[Opening EXERCISE MATERIAL section]

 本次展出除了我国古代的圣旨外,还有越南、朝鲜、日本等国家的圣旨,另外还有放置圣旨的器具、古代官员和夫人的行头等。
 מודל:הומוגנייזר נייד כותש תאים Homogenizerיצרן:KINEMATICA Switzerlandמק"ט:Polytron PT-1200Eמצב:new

[Closing EXERCISE MATERIAL section]
[Opening EXERCISE MATERIAL section]

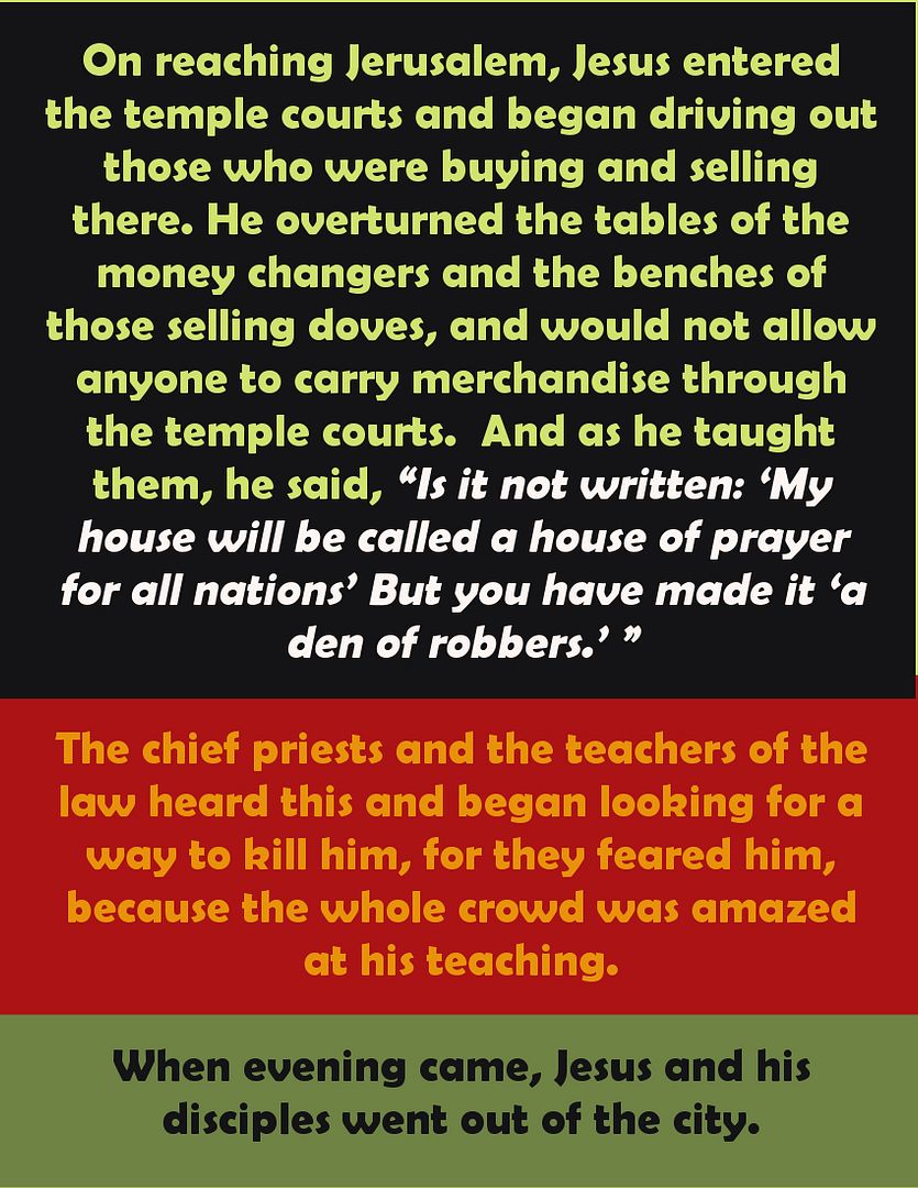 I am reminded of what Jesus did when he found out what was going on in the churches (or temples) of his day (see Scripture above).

[Closing EXERCISE MATERIAL section]
[Opening EXERCISE MATERIAL section]

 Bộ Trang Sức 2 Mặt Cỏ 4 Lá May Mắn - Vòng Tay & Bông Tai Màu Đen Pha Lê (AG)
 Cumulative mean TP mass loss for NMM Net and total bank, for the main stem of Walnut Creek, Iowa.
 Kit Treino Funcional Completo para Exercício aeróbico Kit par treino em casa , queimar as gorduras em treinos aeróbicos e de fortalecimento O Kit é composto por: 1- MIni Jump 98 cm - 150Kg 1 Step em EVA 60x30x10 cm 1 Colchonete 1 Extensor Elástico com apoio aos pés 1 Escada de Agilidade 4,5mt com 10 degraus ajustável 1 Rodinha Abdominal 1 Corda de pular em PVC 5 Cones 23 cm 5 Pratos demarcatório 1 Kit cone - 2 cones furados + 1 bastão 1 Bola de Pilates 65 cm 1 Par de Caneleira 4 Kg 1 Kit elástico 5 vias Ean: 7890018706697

[Closing EXERCISE MATERIAL section]

-- WORK TASK --
Would you print exactly and only the lines of the material above that run from the line with "Cumulative mean TP" through the line with "Kit Treino Funcional", both included?

-- RESULT OF THE EXERCISE --
 Cumulative mean TP mass loss for NMM Net and total bank, for the main stem of Walnut Creek, Iowa.
 Kit Treino Funcional Completo para Exercício aeróbico Kit par treino em casa , queimar as gorduras em treinos aeróbicos e de fortalecimento O Kit é composto por: 1- MIni Jump 98 cm - 150Kg 1 Step em EVA 60x30x10 cm 1 Colchonete 1 Extensor Elástico com apoio aos pés 1 Escada de Agilidade 4,5mt com 10 degraus ajustável 1 Rodinha Abdominal 1 Corda de pular em PVC 5 Cones 23 cm 5 Pratos demarcatório 1 Kit cone - 2 cones furados + 1 bastão 1 Bola de Pilates 65 cm 1 Par de Caneleira 4 Kg 1 Kit elástico 5 vias Ean: 7890018706697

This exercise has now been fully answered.